Qui est Siboy, le rappeur au visage masqué produit par Booba ?

Qu’ils s’appellent Damso, Benash ou Siboy, ils ont tous un point particulier. Celui d’être la nouvelle génération du rap français. Autre similitude, ils sont tous nés en Afrique. Le trio réuni sur le titre « Mobali », va rapidement s’installer dans les charts musicaux français.

Sur You Tube, ils sont à 56 millions de vues. Mais un retiendra particulièrement l’attention. Siboy. Si l’artiste de 26 ans tape à l’œil, ce n’est pas que pour sa musique. Dans les clips, l’homme rappe toujours encagoulé. Impossible de voir son visage. De quoi contribuer à alimenter les chroniques musicales. On connait toutefois le parcours du MC.

Originaire du Congo-Brazzaville, on sait de l’artiste qu’il a eu une enfance difficile. Comme bon nombre de rappeurs, serait-on tenté de dire. Et sur la question, le compositeur n’aime souvent pas s’y attarder. Histoire peut-être de ne pas réveiller de mauvais souvenir. A l’âge de 7 ans, le chanteur et sa famille ont dû fuir la guerre en 1997.

« Je suis né à Brazzaville, mais il y a eu la guerre. Mes parents ont décidé de partir, car ma mère était d’une ethnie différente de celle mon père, qui, lui, était militaire. Ils ont eu peur que notre famille soit divisée. J’ai encore les images de la guerre en tête », a-t-il confié au Magazine français, les InRocks. Une blessure psychologique qui n’a apparemment pas encore cicatrisée.

Réfugié en France, le hip-hop arrive dans sa vie à l’âge adulte.Grâce à un ami, raconte-il. Alors qu’il est chez lui, un proche passe déposer toutes ses affaires. « Dans ses cartons, il avait laissé un ordinateur, un micro et une carte son externe. J’ai essayé de composer des musiques. Le son de ma voix m’a paru bizarre au début, mais je me suis lancé », explique-t-il.

Puis suivront les freestyles sur You Tube. Repéré par Booba, une grande figure du rap français, il signera avec le label Capitol Music France et multipliera de nombreuses collaborations. Ses titres « Mobali » et « Au revoir » vont susciter l’adhésion du public.

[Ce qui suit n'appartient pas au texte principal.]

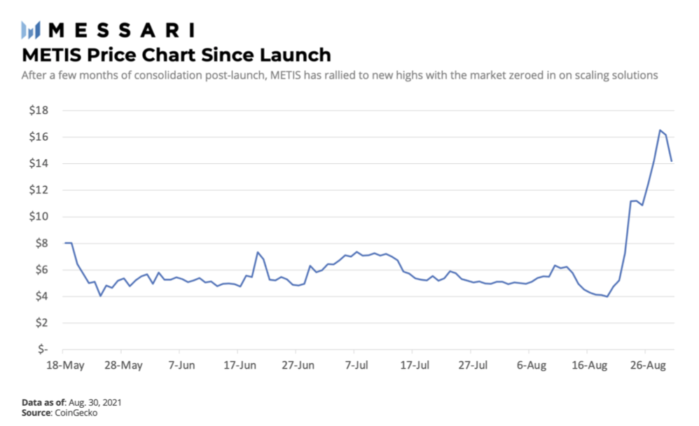 METIS 代币于 2021 年 5 月 13 日在通过 PAID 网络的IDO和与 Gate.io 的初始交换产品 (IEO) 期间首次分发。以 5 美元的 IDO 价格推出后,METIS 迅速上涨到 8 美元。然后它在 5 美元附近盘整了三个月,然后在最近的市场复苏中升至新高。
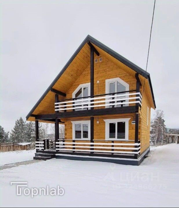 В доме - кухня-гостиная, четыре спальных комнаты, два санузла, лестничный марш, терраса и балкон.
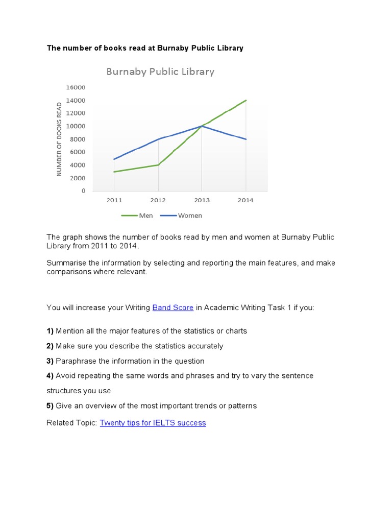 Band 9: The graph below shows the number of books read by men and women ...
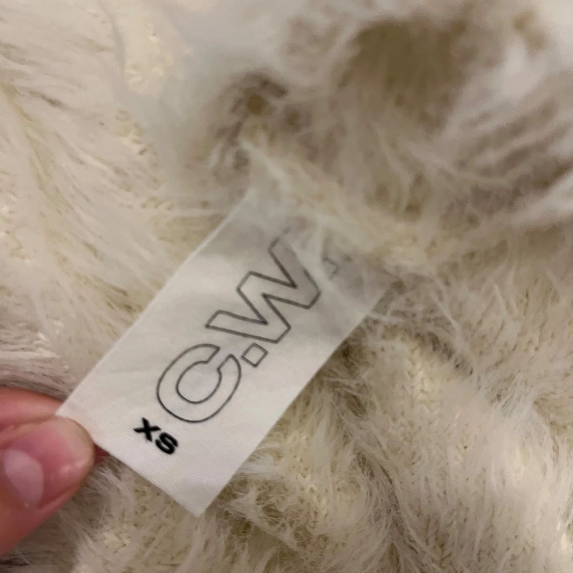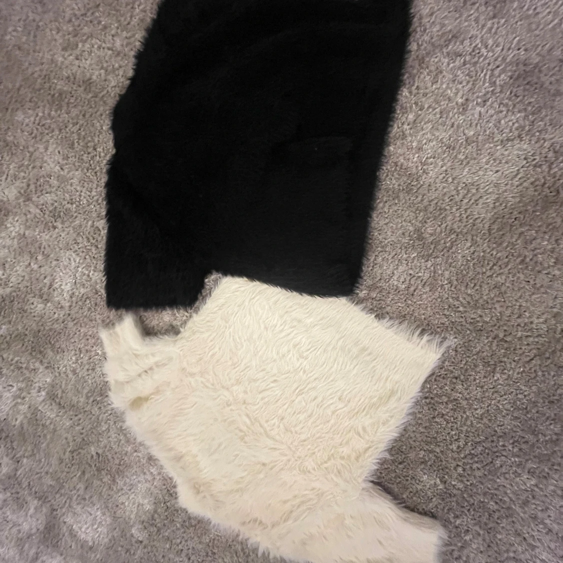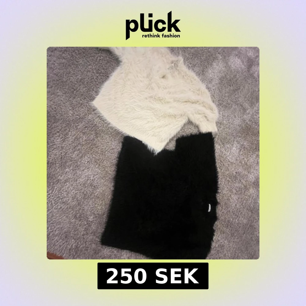 Två fluffiga långärmade tröjor, en vit från C.W. i storlek XS och en svart från Wera i storlek S. Båda är supermjuka och har pälsliknande yta som ger en cool statement-look. Perfekta för kyliga dagar när du vill sticka ut lite extra.

Malgré le succès, l’homme veut rester anonyme. D’où l’éternelle cagoule. Il explique ce choix inhabituel par le fait de ne pas vouloir se faire aborder par des inconnus dans la rue. « J’ai toujours été très réservé et j’ai cherché un substitut pour ne pas montrer mon visage. La cagoule était évidente (…). Je ne regrette pas ce choix, c’est un luxe d’avoir une vie normale quand tu es un artiste », argumente-t-il.
Depuis son arrivée en France, Siboy révèle ne jamais être retourné au Congo.

Il dit en rêver pourtant. « Je peux bien sûr parler sur WhatsApp avec mes cousins. Mais les odeurs me manquent, je suis sûr qu’elles m’aideront à me souvenir. J’ai envie de sentir la chaleur, de voir comment le pays a évolué. J’ai besoin de déclics pour réveiller ma mémoire, il y a encore des choses enfouies », révèle-t-il.